Just time for something a little newer , and after buying my 2011 nytro xtx a few years back, I pretty much fell in love with the yammie 4strokes and the reliability.

So... That said , how reliable are the 07 apex sleds? I know there's probably alot out there on this subject , but just wanted to show you guys the link, so I know what to ask the seller about them , like what are the weak spots , problematic parts/issues etc...

This almost sounds like too good of a deal to me as I am also looking for a 12' enclosed trailer as well,..

I was looking at 2011+ apex sleds , but a deal this good ( if it's true ) I can't pass up..

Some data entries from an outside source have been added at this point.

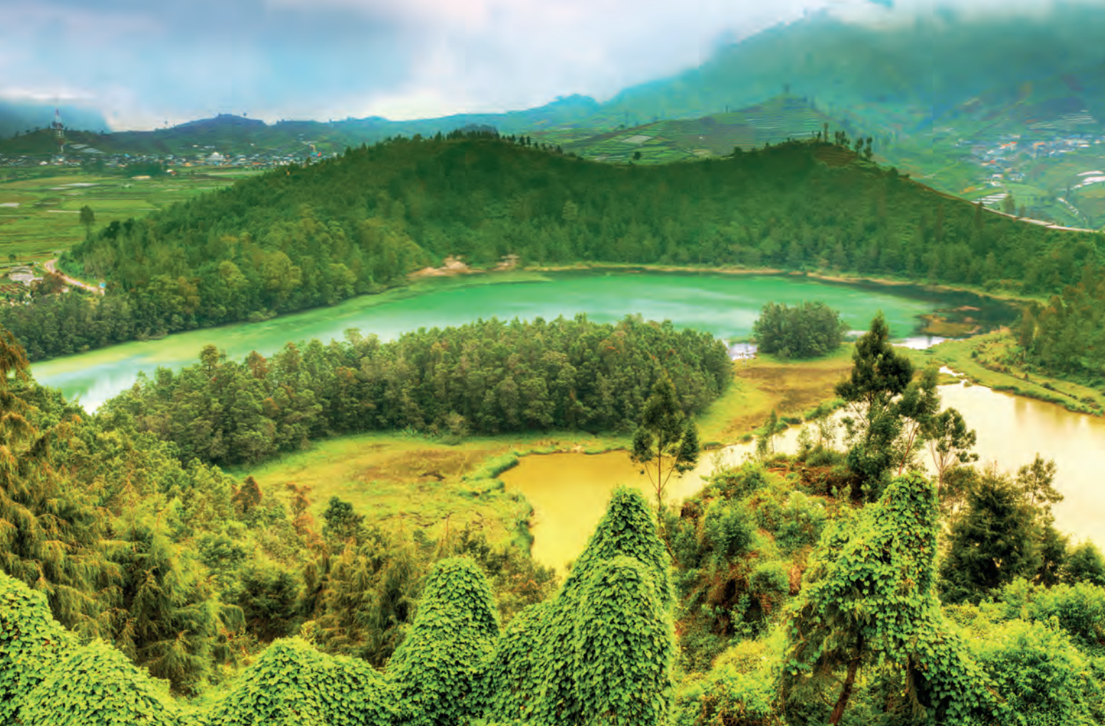
Het bergmeertje Telaga Warna.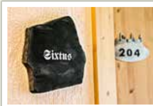
Die Zimmernamen stehen natürlich auf Basalttafeln.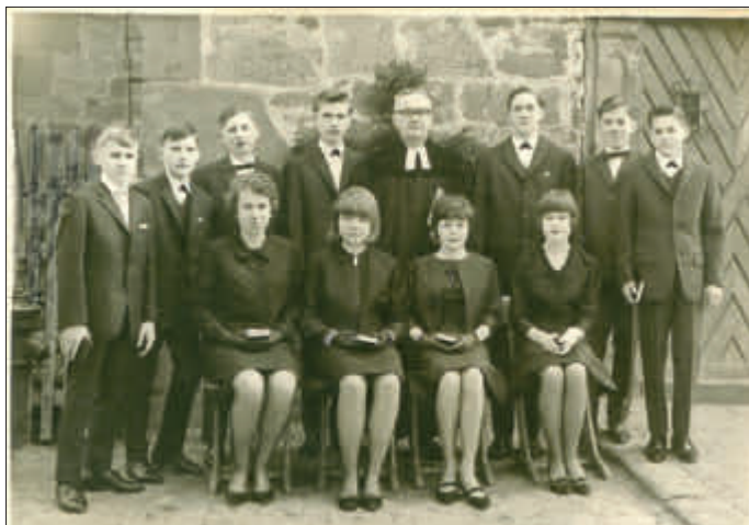
„goldene“ Konfirmation in IsthA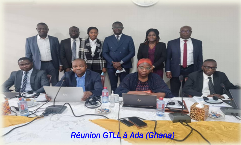
Réunion GTLL à Ada (Ghana)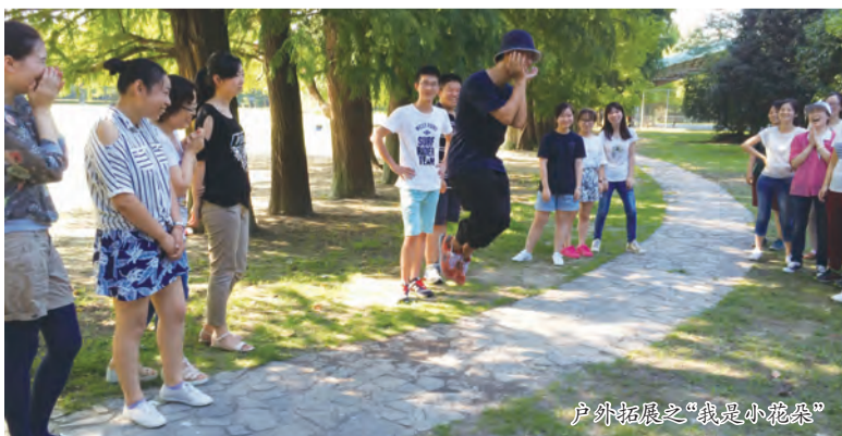
户外拓展之“我是小花朵”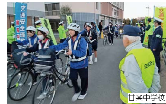
甘藷中学校 下校時に反射ベストの着用指導と自転車の安全な利用について啓発を行いました。

「夕暮れ時における早めのライト点灯と反射材の着用促進」「自転車の交通事故防止と飲酒運転の根絶」を重点目標にした冬の県民交通安全運動が実施され、警察、交通安全協会、町交通指導隊などが交通安全を呼び掛けました。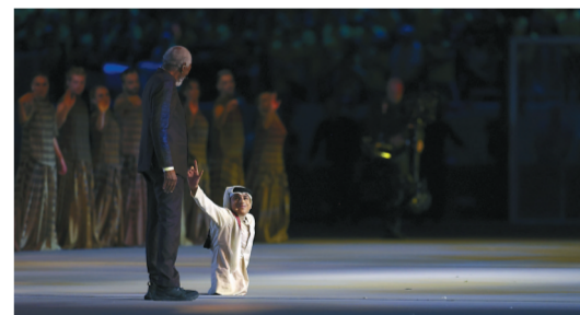
20日,2022年国际足联世界杯大使加尼姆·阿尔·穆夫塔(右)在开幕式上。

20日晚的卡塔尔世界杯开幕式上,一位双手支撑身体行走、只有上半身的男孩出现在海湾球场中央,成为观众最为难忘的场景之一。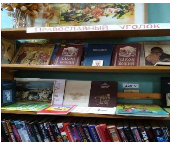
Православная литература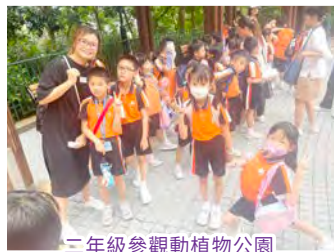
二年級參觀動植物公園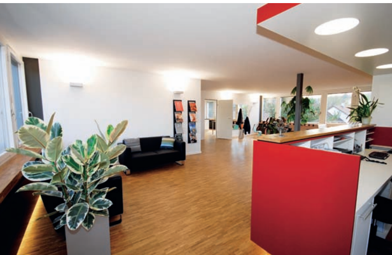
Ein Zentralmodul, das den Empfangsbereich darstellt, bildet den Kern der Praxis.

entspannend präsentieren sich auch die Behandlungsräume der Praxis: Ganz bewusst wurde hier die Behandlungszeile im Rücken der Einheiten platziert, damit die Patienten während der Behandlung die Sicht durch die großen Fensterflächen ins Freie genießen und sich bei Bedarf von den an der Decke installierten Plasma-TV-Bildschirmen ablenken lassen können. Anders als in den übrigen Räumen dominiert hier ein eher kühles Farb- und Materialkonzept. Der CI-Farbtönen Anthrazit der umlaufenden Brüstungsverkleidung wird dabei von den Polstern der Behandlungsstühle wieder aufge-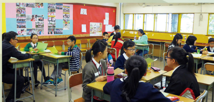
Discussion is easy and interesting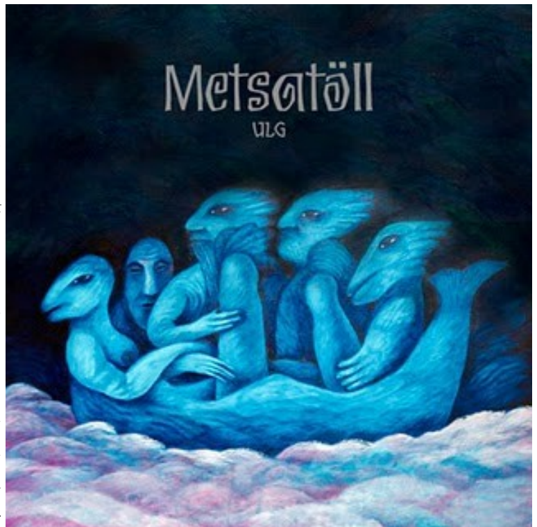
Metsatölli albumikaas.

Metsatöll sai 24. veebruaril 15 aastat vanaks. Bänd on välja andnud üsna mitu plaati. Minu arust on see üldse Eesti parim ansambel. Kuulan just sellist muusikat ja see popmuusika tilu-lilu mulle peale ei lähe. Mis mulle väga meeldib—tegemist on ansambliga, kus pole peaaegu üldse liikmed vahetunud.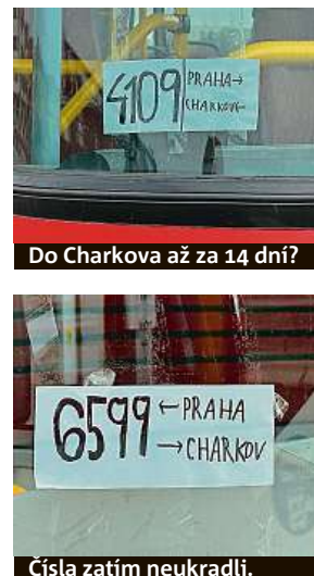
Čísla zatím neukradli.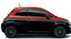
246 Vesuvio Schwarz / Passione Rot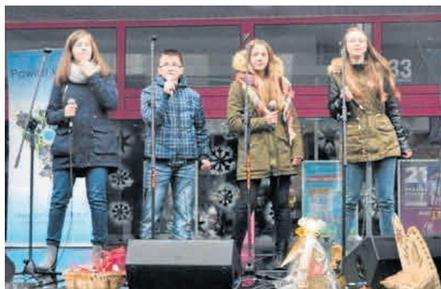
► Zespół Wiktoria z Gimnazjum w Wolicy.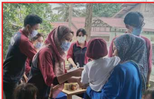
Artha Graha Peduli Unit BAGI Cab. Bintaro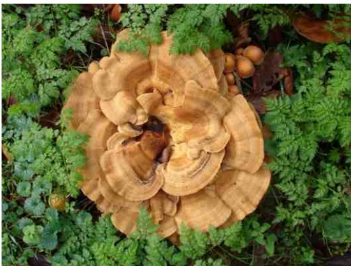
Reuzenzwam. Deze zitten altijd op beschadigingen van loofbomen, vaak beuk en eik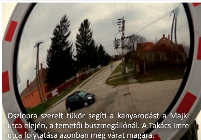
Oszlopra szerelt tükör segíti a kanyarodást a Majki utca elején, a temetői buszmegállónál. A Takács Imre utca folytatása azonban még várat magára.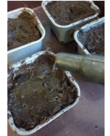
Vattna igenom jorden.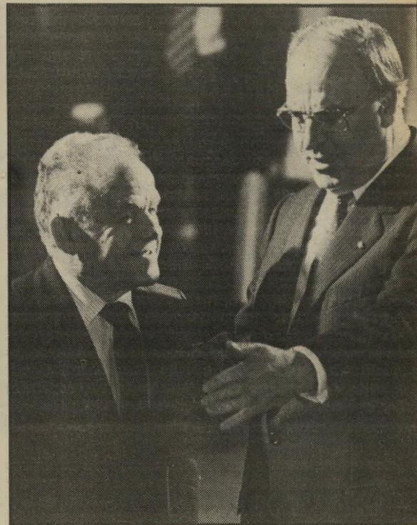
קנצלר קול* נא לבקר בבוואריה

המרובר בציבור ענקי: 26 מיליון גרמנים יצאו בשנה האחרונה לחופש מחוץ לביתם, ומתוכם 16 מיליון נסעו לחו"ל! האכסודוס האריך הזה הפך את הגרמנים לעם המטייל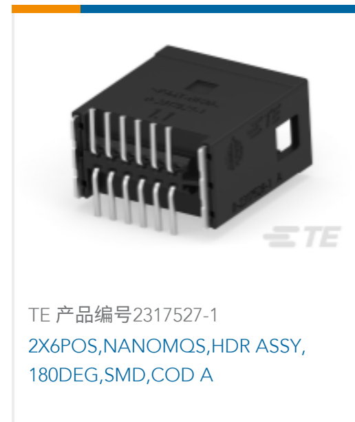
TE 产品编号2317527-1 2X6POS,NANOMQS,HDR ASSY, 180DEG,SMD,COD A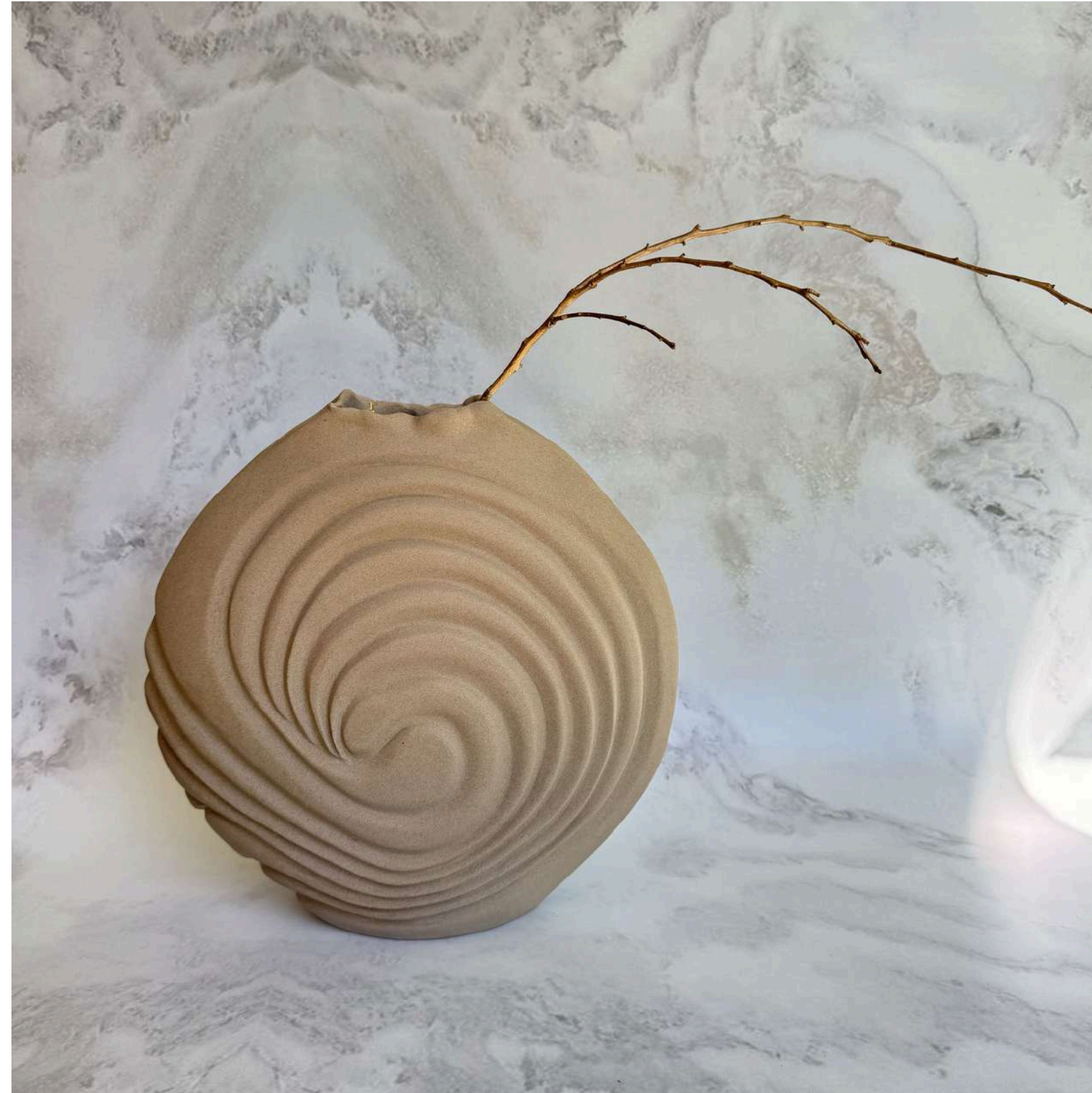
SPIRAL SERENITY Manually modeled 40 cm (H)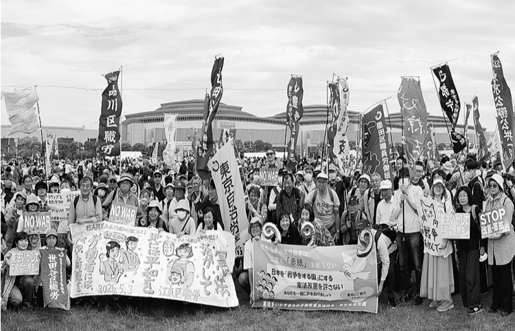
東京自治労連の参加者

東京自治労連からも2222名が参加し、晴天のもと解散地点のお台場まで元気なパレードを行いました。東京自治労連は現行憲法を守る立場を堅持する労働組合として、今後も市民の皆さんと連携する活動に取り組んでいきます。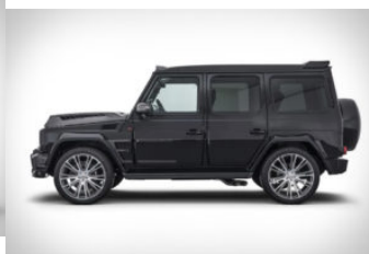
Classe G 900 CV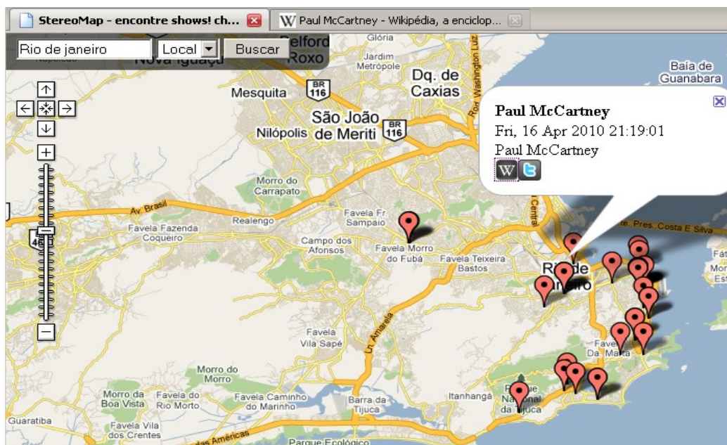
Figura 2: Interface do Stereommap

Google Maps. No canto superior esquerdo há uma caixa de pesquisa, no qual é possível entrar com a cidade de interesse. Os pontos no mapa são as marcações que foram adicionados ao site com o auxílio das informações oriundas do Last.fm. Com a expansão da marcação, o StereoMap possibilita que o usuário acesse o Wikipédia e o Twitter.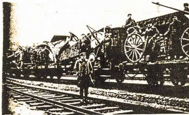
Radviliškio kautynių grobis Kauno geležink. stotyje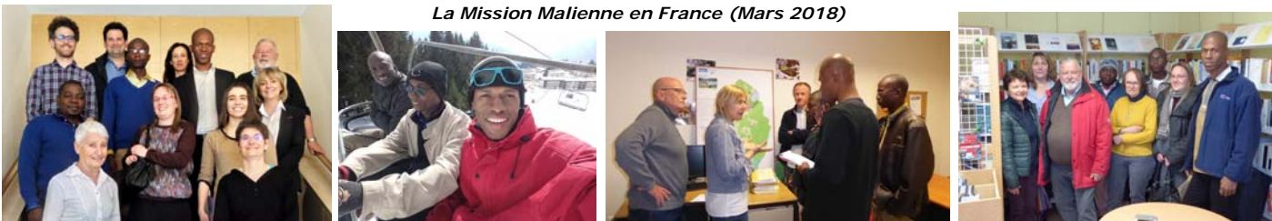
La Mission Malienne en France (Mars 2018)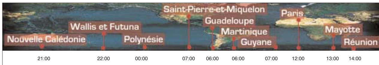
Le bandeau de présentation de la radio RFO avec affichage permanent des heures locales ( http://www.rfo.fr/ )

Site de la rubrique : http://www.mgm.fr/Mappemonde Courrier électronique : Mappemonde@mgm.fr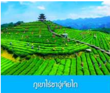
ภูเขาไร่ชาอุเจียไถ

พักที่ โรงแรม ENSHI XIPU HOTEL ระดับ 4 ดาวท้องถิ่นหรือเทียบเท่าในเมืองเอนซือ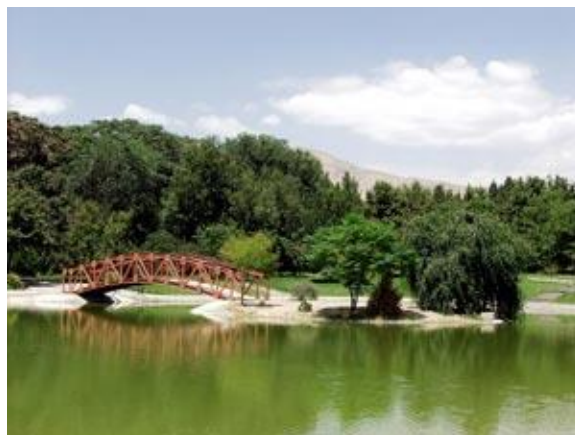
شکل 4- باغ موزه گیاهشناسی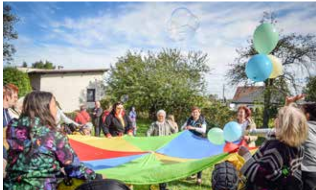
Podczas pikniku wszyscy bawili się znakomicie

Grupa nieformalna Otwarte Serca zaprosiła dzieci wraz z ich opiekunami na piknik integracyjny kończący realizację projektu „Rękawice Miłości”. Ta międzypokoleniowa zabawa i integracja odbyła się w ramach konkursu Śląskie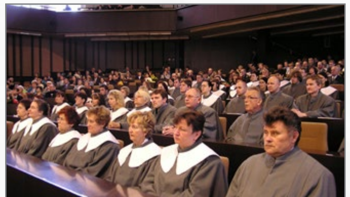
▲ předávání osvědčení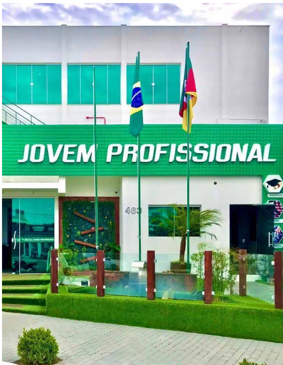
Faculdade Jovem Profissional atua em 27 capitais brasileiras e tem filial em Lisboa

Destaca ainda que todos os instrutores são maiores de idade e capacitados para ministrarem o curso. A direção da Jovem Profissional ainda resalta que dos 75 alunos, apenas um se sentiu prejudicado, sendo que outros três chegaram a fazer reclamação mas continuaram com a prática, e os outros 71 estudantes continuaram com as atividades normalmente.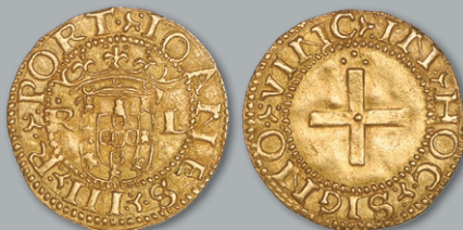
Lote 206 Ouro - Cruzado; R-L Excelente Estado de Conservação, SOBERBA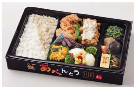
阿部慎之助選手プロデュース 【最高です!!あべんとう 2012】

http://eauclaire.craigslist.org/snw/5941367423.html
 
Looks to be in pretty good shape from the pictures. Check the obvious, carbides, idler wheels , sliders. Tunnel trueness and front a-arms for cracks or bends. Check the front bulkhead where the front a-arms connect. The bushings can wear out and damage the bulkhead. Check oil and chain case oil for any filings. Start it, once it's running and warmed up put two gloves on and go to the exhaust tailpipes and plug them both with your gloves at the same time. The sled should stall, this is a good sign saying all gaskets and exhaust components are intact. If it continues to run then you have a leak, typically the exhaust donuts right behind the motor wear out. I think dealers usually charge $300-400 to do this. Check clutches for cracks or damage. Ask who has done the maintenance.
 
Sounds good thank you. Was this the year they had issues with an arm in the front of the skid cracking? I remember hearing that about certain sleds , but couldnt remember which ones.

For the most part is this sled basically the same performance wise as the 2011+ minus EPS and exup, and maybe some other minor things? I'd assume copper gaskets are the way to show as well as oilite front bushings/bearings??
 
Sounds good thank you. Was this the year they had issues with an arm in the front of the skid cracking? I remember hearing that about certain sleds , but couldnt remember which ones.

For the most part is this sled basically the same performance wise as the 2011+ minus EPS and exup, and maybe some other minor things? I'd assume copper gaskets are the way to show as well as oilite front bushings/bearings??

Yes 06-07 have the standard arm, I've been looking for a used one for mine since new is $500 CAD.08 was the upgraded arm. Check for cracked rails as well, typically on where the rear pivot arm bolts to the rail.

The sleds are fairly close to the same but are 128" instead of the old 121", I think some minor engine changes plus what you have mentioned. Possibly some more suspension changes as well.
 
Yes, the 2007 models were notorious for the weakness in the front of the skid and some shock mount points. I'm not sure how different the Apex ER skid is from the GT other than the shock being used. But there should be some rusty welds on the joints in the skid, just look those spots over for cracks.

I do believe many Apex models of that vintage liked to have the rear heat exchanger installed as well. I know I had one on my '07 GT.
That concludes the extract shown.